Semi-automatic plotting

Producing data plots is an important part of doing research work. Making
good looking plots is not easy, and getting them right as well is a real
challenge. Perhaps the best way of producing plots, whether for use with LaTeX
or otherwise, is to use the pgfplots
package. For a general overview of using pgfplots effectively, see my TUGBoat
article
.

Using a programmatic approach to plotting has several advantages, as the plots
you get are easy to keep consistent. That’s particularly useful if several
people are preparing plots: using a GUI-based approach, it’s hard for multiple
workers to stick exactly to the same look. So it is worth putting some effort
into setting up templates for pgfplots: basic .tex files which can
be modified easily and reused multiple times. Putting a bit of effort into
developing templates also makes it easier to use data directly from a lot of
specialist systems. Many data file formats can be read as either comma or space
separated files, but it can take a little effort to get this right. So by
working on the basics, you can save yourself time later.

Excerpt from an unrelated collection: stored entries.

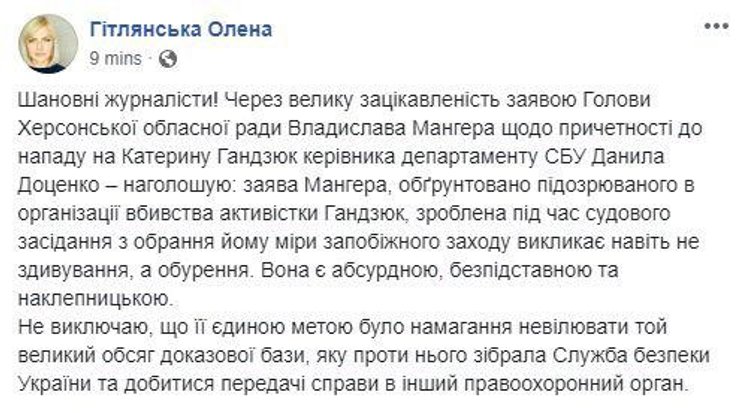 28 января отец Екатерины Виктор Гандзюк на заседании Временной следственной комиссии Верховной Рады прямо заявил, что Мангер, а также председатель Херсонской обладминистрации Андрей Гордеев (член "БПП") и его заместитель Евгений Рыщук причастны к убийству его дочери.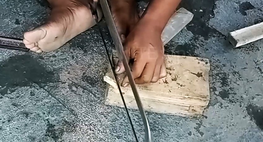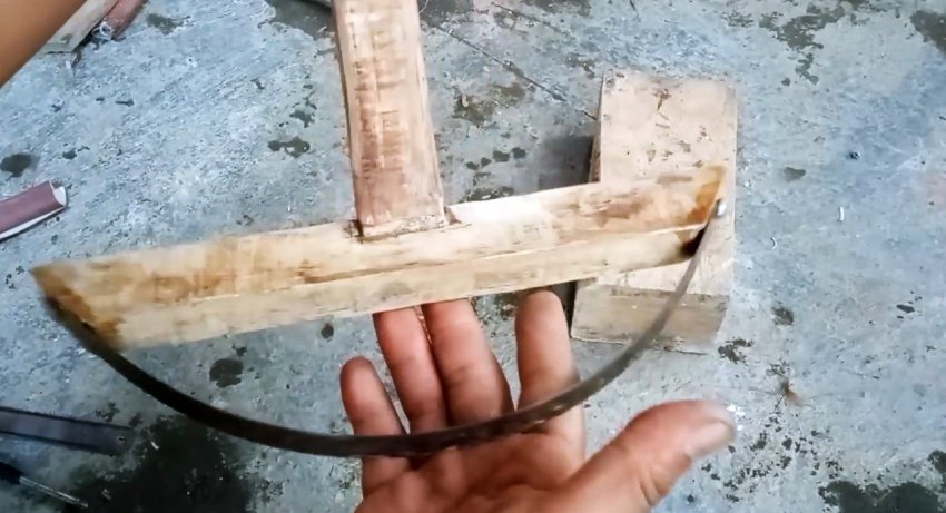 После разметки отрезаем от старого деревянного бруска заготовку, соразмерную по длине с полотном ножовки в согнутом положении по заранее выбранному радиусу изгиба. Концы заготовки из бруска срезаем под равным углом в одну и ту же сторону также, соответствующую подержанному полотну в согнутом виде.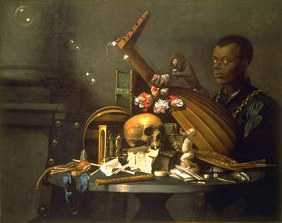 Давид Байлли (1584 - 1657), художник, работавший в Лейдене, где родился Рембрандт, как и все мастера голландской школы, был мастером натюрморта. Картина, которая здесь представлена, - необычно большой и великолепный пример этого жанра. "Vanitas", с латыни, означает суетность и преходящесть всего мирского, как, например, богатства, красоты, развлечений, образования и искусства. Изображение черепа в центре напоминает нам о тщете всего: музыки (лютня и флейта), изобразительного искусства (палитра, кисти, статуэтка), удовольствий (кости, карты, трубка, табак), учебы (книги), красоты природы (цветы). Песочные часы, солнечные часы и оплывшая свеча символизируют уходящее время, улетающие пузыри выражают недолговечность жизни; едва разборчивое письмо под черепом означает смерть и войну; и чернокожий слуга, элегантно одетый и с золотой цепью вокруг шеи (знак покорности) - еще один символ богатства, которое неизбежно проходит. Слуга держит миниатюрный портрет (неизвестного) хозяина , который заказал картину; и то , что он так мал, должно демонстрировать отсутсвие тщеславия и самодовольства.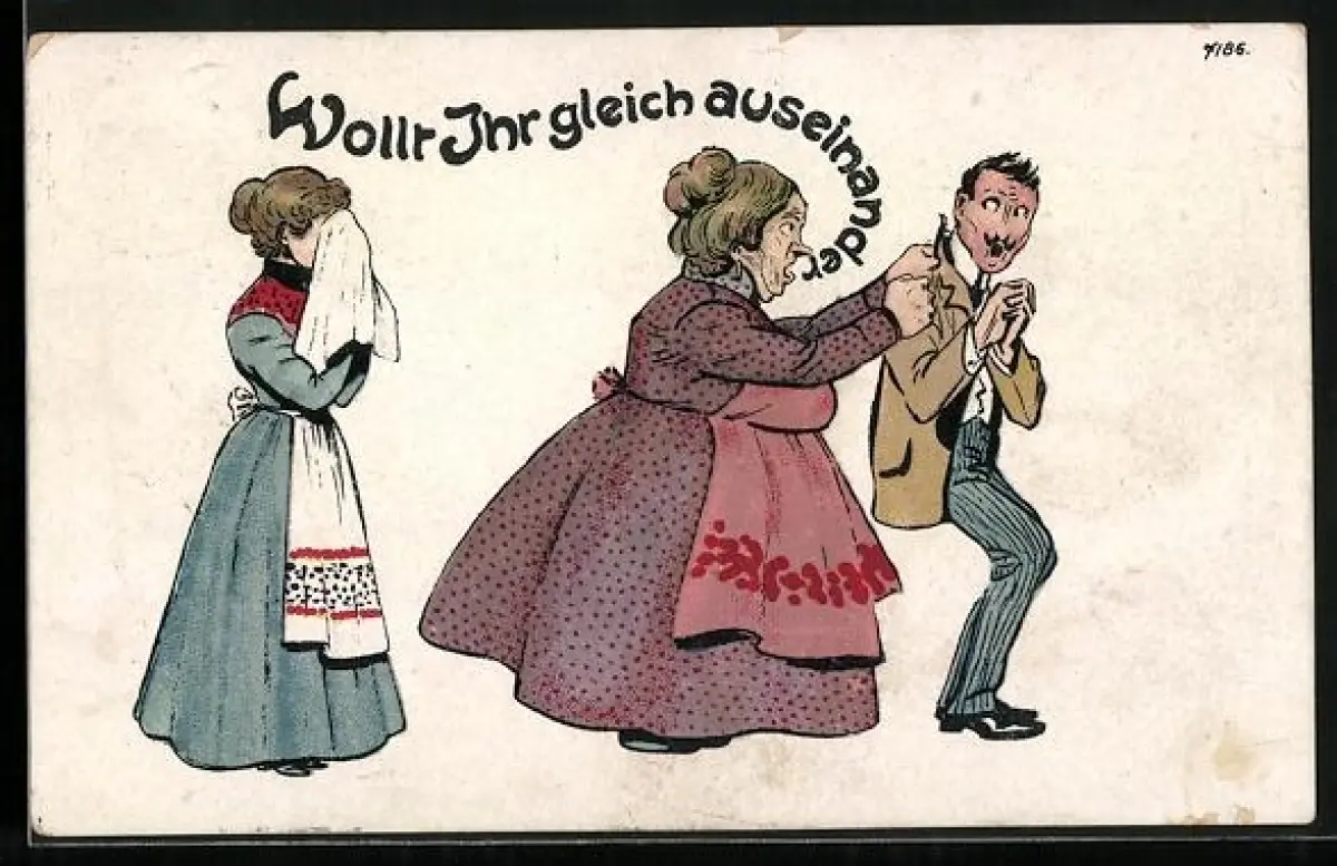 Künstler-AK Bruno Bürger & Ottillie Nr. 4186: Ältere Frau stellt sich zwischen ein Paar, Wollt ihr gleich auseinander

There is another advantage to setting up well documented templates. Not
everyone is a LaTeX expert: in my area, most people are not even day to day
LaTeX users. So making clear templates which can be used by altering a few key
settings is a great way to make LaTeX results accessible to more people.

Setting up

Before you can start developing a template, you need of course to have some
data and produce a one-off plot. That process is covered in the TUGBoat
article I mentioned earlier. There are then two big things to worry about:
generalising the .tex, and adding enough comments to let other
people use the template. That second point very important, as is talking to
other people to get things right: there’s no use in creating a template that
no-one can use!

As an example, I’ll use a plot of an infra-red spectrum: this is similar
to one in the TUGBoat article. The original version looks like this:

\documentclass{standalone}

\usepackage[T1]{fontenc}
\usepackage{helvet}
\usepackage{sansmath}
\sansmath
\renewcommand{\rmfamily}{\sffamily}

\usepackage{pgfplots}
\pgfplotsset
  {
    compat                   = newest,
    every tick/.append style = thin
  }
\pgfkeys{/pgf/number format/set thousands separator = }

\usepackage{siunitx}
\sisetup{mode = text}

\begin{document}

\begin{tikzpicture}[font = \sffamily]
  \begin{axis}
    [
      x dir               = reverse,
      xlabel              = Wavenumber/\si{\per\centi\metre},
      xmax                = 2100,
      xmin                = 1800,
      ylabel              = Milliabsorbance,
      ymax                = 34
    ]
    \addplot[color = black, mark = none] table {example.txt};
    
    \node[coordinate,  pin = {[rotate=90]right:1884}] at 
      (axis cs:1884,1.3) { };
    \node[coordinate,  pin = {[rotate=90]right:1922}] at 
      (axis cs:1922,1.3) { };
    \node[coordinate,  pin = {[rotate=90]right:1965}] at 
      (axis cs:19651,1.3) { };
    \node[coordinate,  pin = {[rotate=90]right:1965}] at 
      (axis cs:1965,1.3) { };      
    \node[coordinate,  pin = {[rotate=90]right:2076}] at 
      (axis cs:2076,1.3) { };
  \end{axis}
\end{tikzpicture}

From one plot to many plots

There are several things to notice about the example. First, there are no
comments: that’s fine for me (provided I remember how it works), but what about
my coworkers? Second, everything is hard coded, for example the file containing
the raw data, which is pretty hard to find. Third, I had to pre-modify the data
file to get it working: the .txt file is based on an instrument
file which is in a text format but which contains lines I needed to remove and
scale. Finally, there is a lot of repetition in the pin part,
which would be better handled using a loop.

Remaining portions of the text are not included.